• THE PROBLEM
Would you please copy the entries exactly, leaving every picture aside?
RECORDS PROVIDED section start
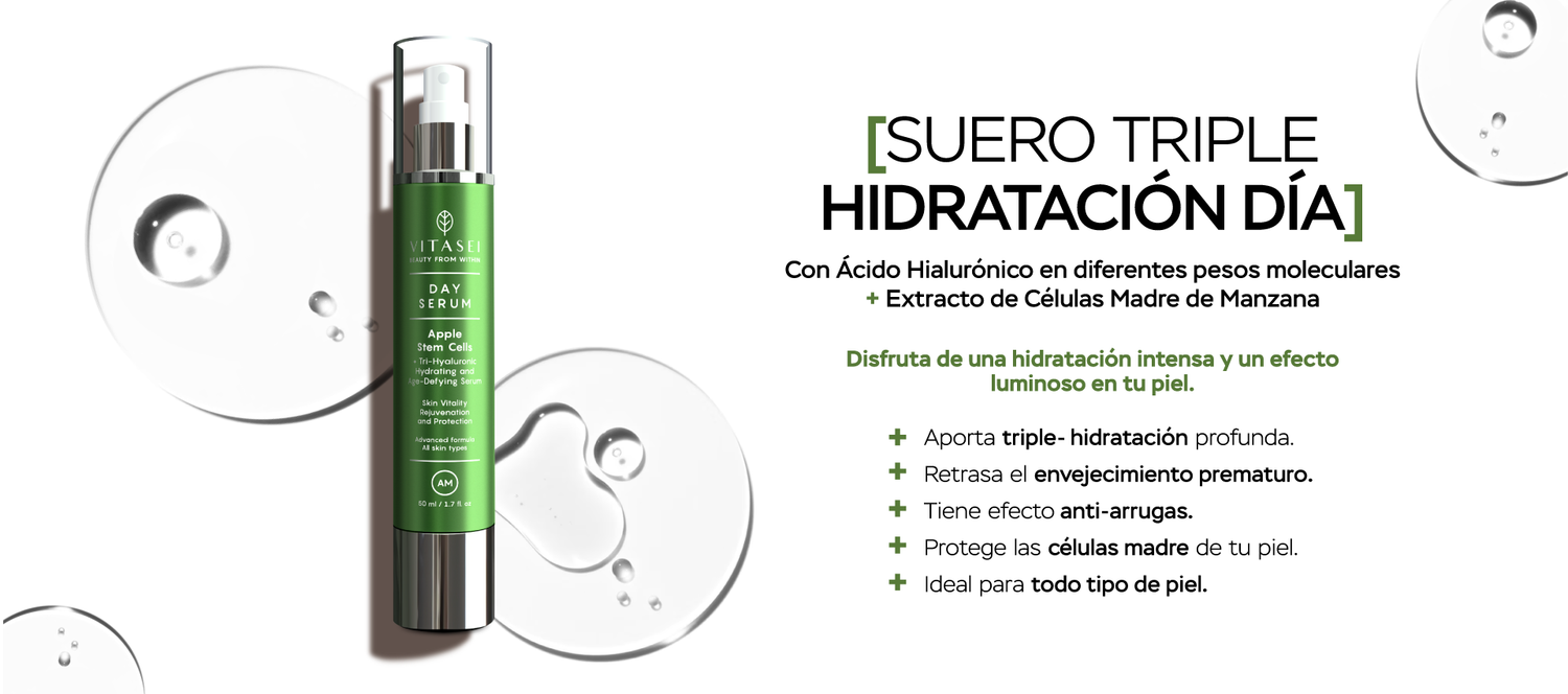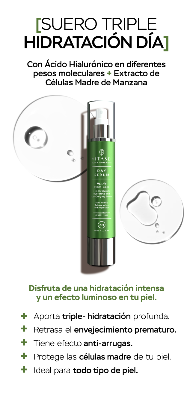 El ácido hialurónico ayuda a llevar agua a las células de la piel. Estas células saturadas de humedad contribuyen a que tu piel luzca más firme, tensa y juvenil.
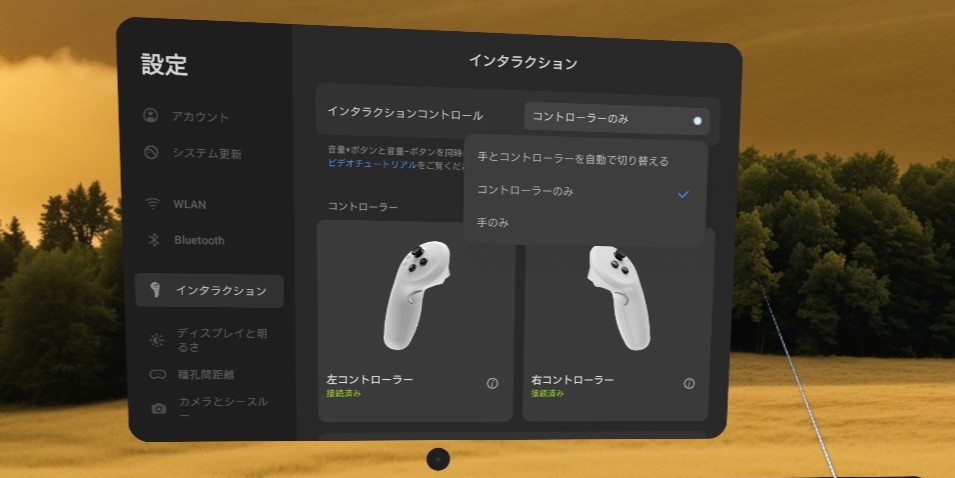 ハンドトラッキングを使う予定がない方は、「コントローラーのみ」にしておくことをおすすめします。自動切り替えが有効だと、少し静止したときにすぐ切り替わってしまいます。
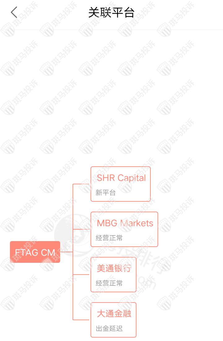 主白标关系显示,FTAG CM平台目前和4家平台存在关联,其中1家存在出金延迟的情况。
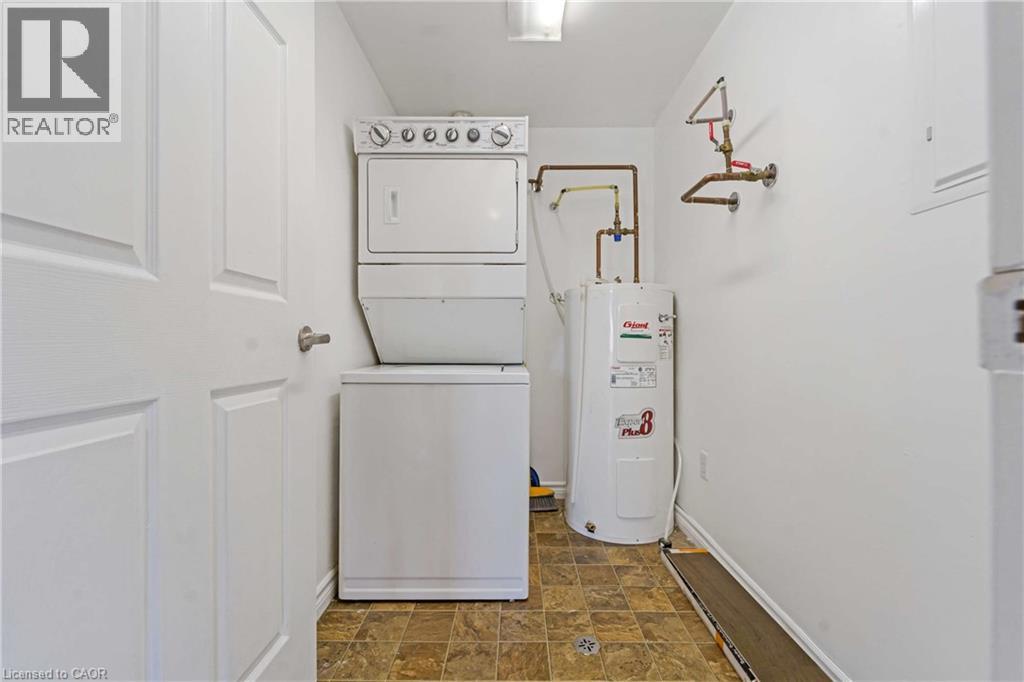 Laundry room featuring stacked washer / drying machine, water heater, and stone finish floors
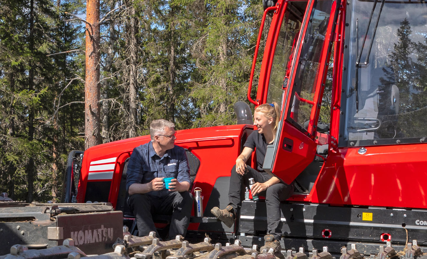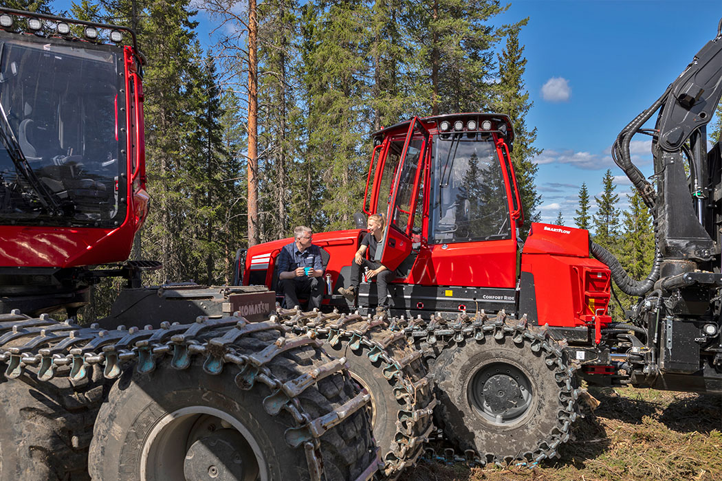 895フォワーダーでの作業休憩中のヘニングソンと同僚
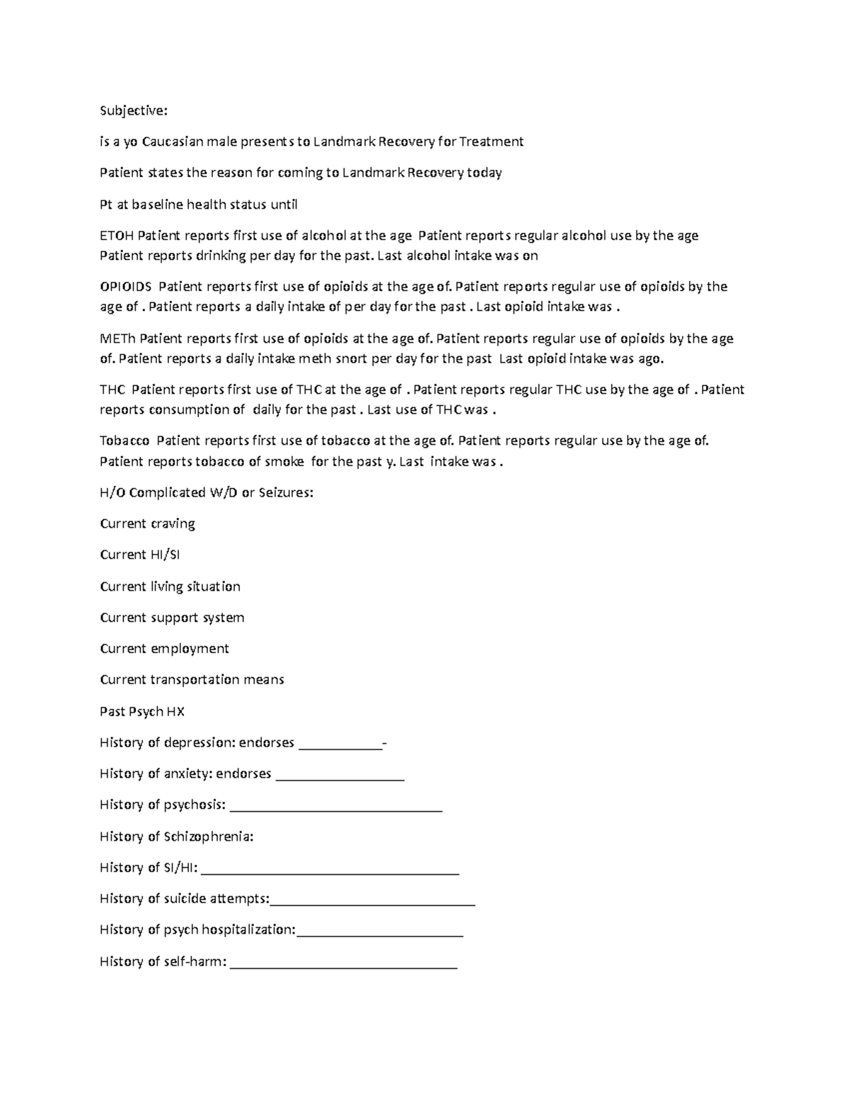 Work template - SOAP note example Mental Health - Subjective: is a yo ...
RECORDS PROVIDED section end
• ANSWER SPACE
 El ácido hialurónico ayuda a llevar agua a las células de la piel. Estas células saturadas de humedad contribuyen a que tu piel luzca más firme, tensa y juvenil.
 ハンドトラッキングを使う予定がない方は、「コントローラーのみ」にしておくことをおすすめします。自動切り替えが有効だと、少し静止したときにすぐ切り替わってしまいます。
 主白标关系显示,FTAG CM平台目前和4家平台存在关联,其中1家存在出金延迟的情况。
 Laundry room featuring stacked washer / drying machine, water heater, and stone finish floors
 895フォワーダーでの作業休憩中のヘニングソンと同僚
 Work template - SOAP note example Mental Health - Subjective: is a yo ...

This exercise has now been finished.